Problem to solve: The span to repeat in the listing below runs from the line containing "Ann Taylor M" to the line containing "En vakker lue", inclusive. Repeat it exactly, and only it.
═════ Study material
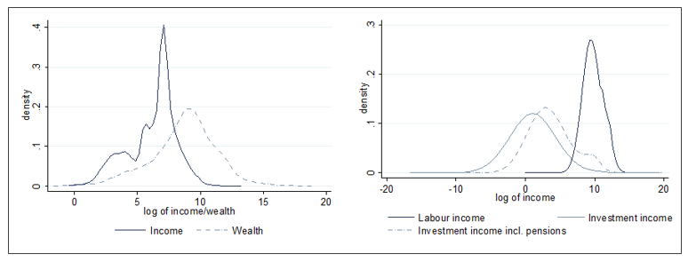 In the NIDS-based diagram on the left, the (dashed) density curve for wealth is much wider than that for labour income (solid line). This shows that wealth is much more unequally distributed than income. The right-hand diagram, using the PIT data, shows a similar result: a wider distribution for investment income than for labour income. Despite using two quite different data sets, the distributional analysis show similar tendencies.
══════════
═════ Study material
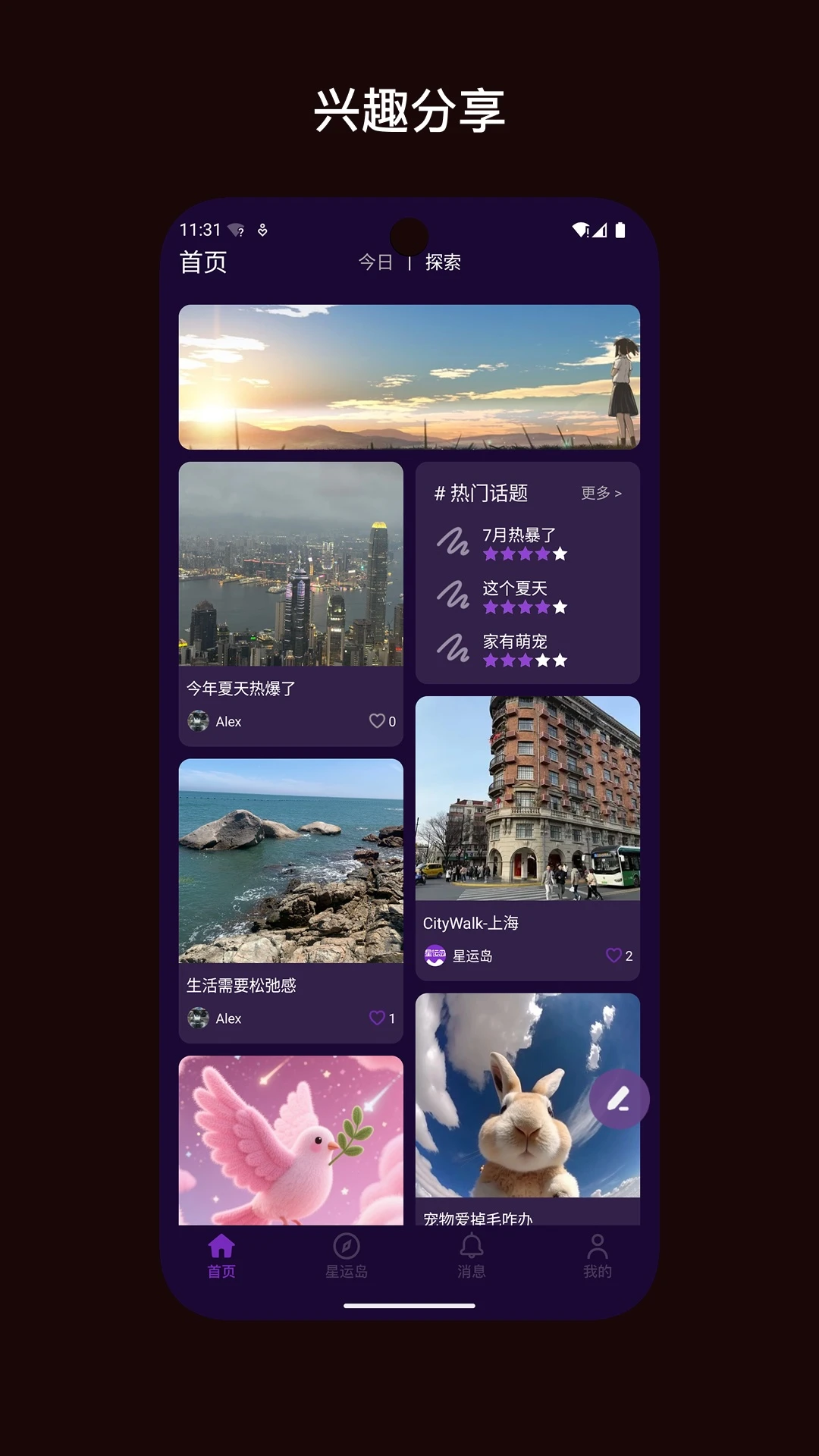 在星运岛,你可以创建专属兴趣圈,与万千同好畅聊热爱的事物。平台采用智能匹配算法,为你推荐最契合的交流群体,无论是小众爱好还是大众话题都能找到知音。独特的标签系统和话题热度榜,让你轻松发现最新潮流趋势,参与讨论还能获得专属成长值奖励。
══════════
═════ Study material
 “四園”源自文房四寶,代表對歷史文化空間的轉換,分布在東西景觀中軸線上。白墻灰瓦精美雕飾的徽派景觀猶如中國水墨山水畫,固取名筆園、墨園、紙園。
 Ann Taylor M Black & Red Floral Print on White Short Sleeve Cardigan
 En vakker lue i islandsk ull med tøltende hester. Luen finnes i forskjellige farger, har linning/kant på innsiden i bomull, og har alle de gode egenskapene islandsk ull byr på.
══════════
Answer box:
 Ann Taylor M Black & Red Floral Print on White Short Sleeve Cardigan
 En vakker lue i islandsk ull med tøltende hester. Luen finnes i forskjellige farger, har linning/kant på innsiden i bomull, og har alle de gode egenskapene islandsk ull byr på.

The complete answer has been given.